Many of the problems I had could have been prevented by being more conservative about the new configurations I was presented with. When there were conflicting changes to config files I could review the diffs and decide if I wanted to keep my current custom version or the new developers version. I only picked the current custom version a few times, when I could see changes that I remembered making.

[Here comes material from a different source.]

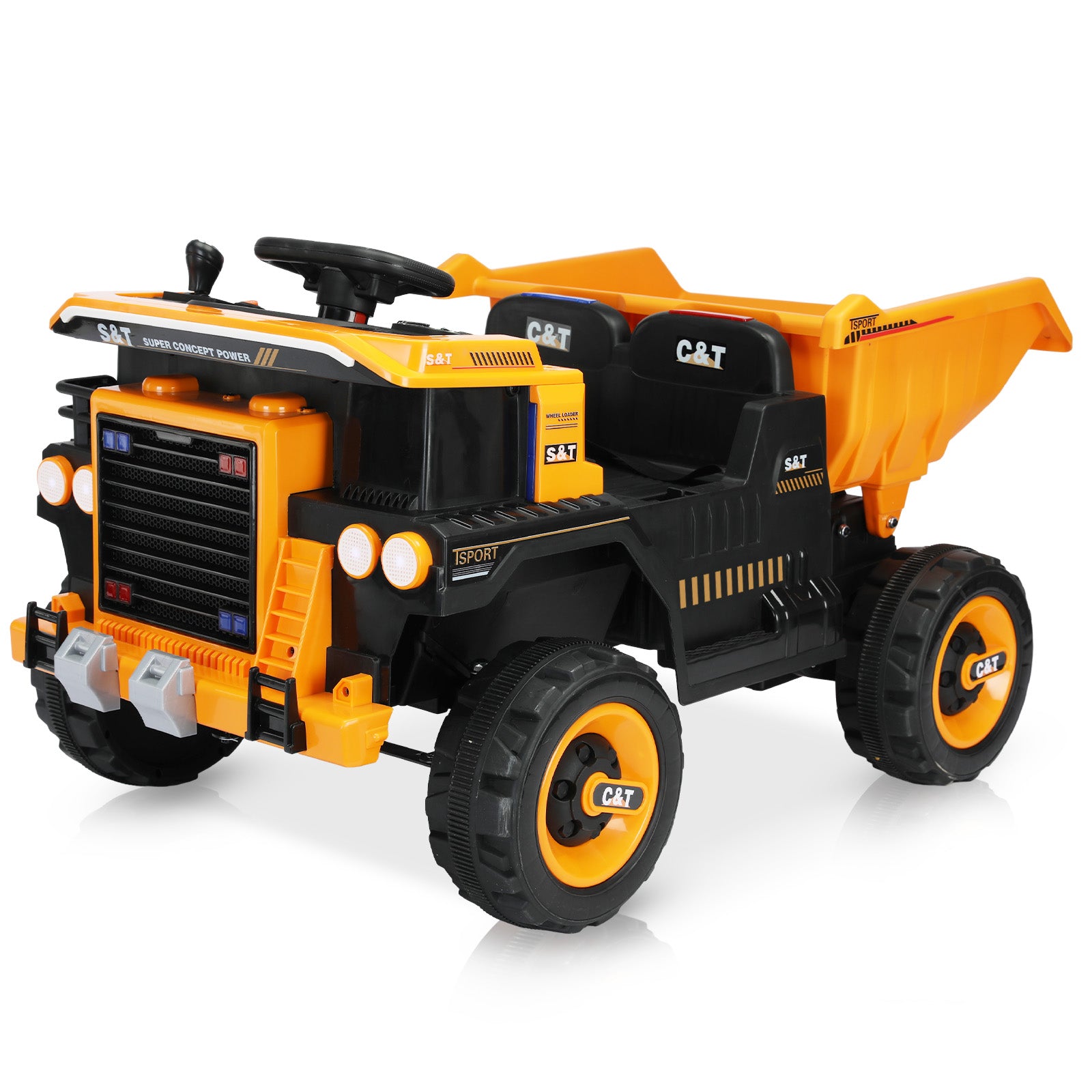 YUFU 12V Battery Kids Ride On Dump Truck RC Construction Tractor w/ Electric Bucket,Yellow
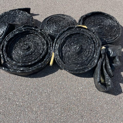2 stk. stålplater 6.30x0.80 , nye kr1000, stål mønepanner ca10 stk. + frontbeslag og 2 stålplater 3.5x1.00 mtr brukte m/ utskjæring for pipe, kr1000. Sms 94249486.

The local machines couldn't see through the firewall anymore

After I puzzled about this trying to determine which machines could see which and whether DNS was failing or DHCP, I got an inspiration. I checked
cat /proc/sys/net/ipv4/ip_forward

and found that it was set to 0. I echoed a 1 in there and fixed that with no more hassle. But wait, there's more... of course this needs to go into a script somewhere for each boot. /etc/rc.local, is it? I hope so.

Mediawiki started acting odd

It seemed to be torn between the packaged version of 1.4.14 and the version it had been running before the "upgrade" which was 1.5.3. I didn't find an immediate fix, so I upgraded to 1.6.6. That still didn't work. It was slow and gave an SQL error after making a change to a page. I dug enough to find that the problem was a crashed table (mw_searchindex), and no amount of mysqlcheck or myisamchk repairing could make it better. Well, they said they fixed it, but an immediate check of the table after fixing, showed it was crashed again. There was a simple fix in the mediawiki/maintenance directory: I just had to run rebuildtextindex.php. That dropped the old table, and rebuild a good version. It is still dog slow, but appears to be free of corruption.

Mail stopped flowing

This was a saslauthd problem. I didn't notice when the upgrade slipped in a change to the location of saslauthd. I like it to be in /var/run instead of in the postfix chroot jail. I had to put my edits back in:
/etc/default/saslauthd
/etc/init.d/saslauthd

and then restart the various pieces.

Mail still wasn't flowing

Did I forget to start the virus checker? No, but I didn't look too carefully when it said it refused to start because an old config file was in the way. In this case, I had wisely decided that I had important customizations that I didn't want to lose, and the amavis daemon said, OK, but you can keep your precious custom file, but I refuse to start until you delete it. It wasn't enough to rename it with .old on the end. It could still see it. So I put .old on the front too. Ha! Stupid amavis, can't see it now, haha.

After about 8 hours of running, memory was exhausted, including swap, and it started to thrash to death

I haven't figured this out yet, but I'm somewhat relieved that I don't have to tune mysql, which seemed to be the culprit for a moment, until I thought to look at a graph of memory usage.
Yucky-memory.png
I'm now suspecting a bug in logwatch which seems to be spawning a dozen perl processes which consume all CPU immediately, and all memory over time. I happened to look up at top at just the right moment to see all the processes turn into perl right after logwatch popped in and out. We'll see if there really is a correlation. The perl processes are finishing up and releasing some memory, but not before eating up some swap that is not getting released. Load average is coming down from 5, but some script is using cat to consume 15% of CPU now...

Perl hit 100% cpu usage and I decided I had to get serious. pstree -ap told me that the naughty process was started by logwatch which was started by cron and that it was trying to grok my mail logs, I guess. But I don't need to have my computer read through my logs that badly. I chmodded the logwatch cron entry in cron.daily to 000 and tried to kill the currently running mess of perl jobs. I made a mess of it and ended up rebooting, but I don't feel too bad, because I wanted that swap back anyway.

X failed to start

I managed to make it work by switching to the nv driver instead of the nvidia driver. Probably need to recompile that driver for the current kernel. Sigh. I think I remember that dance. Maybe I'll stick with the slower and less fragile open source driver since there is no compelling reason to do otherwise.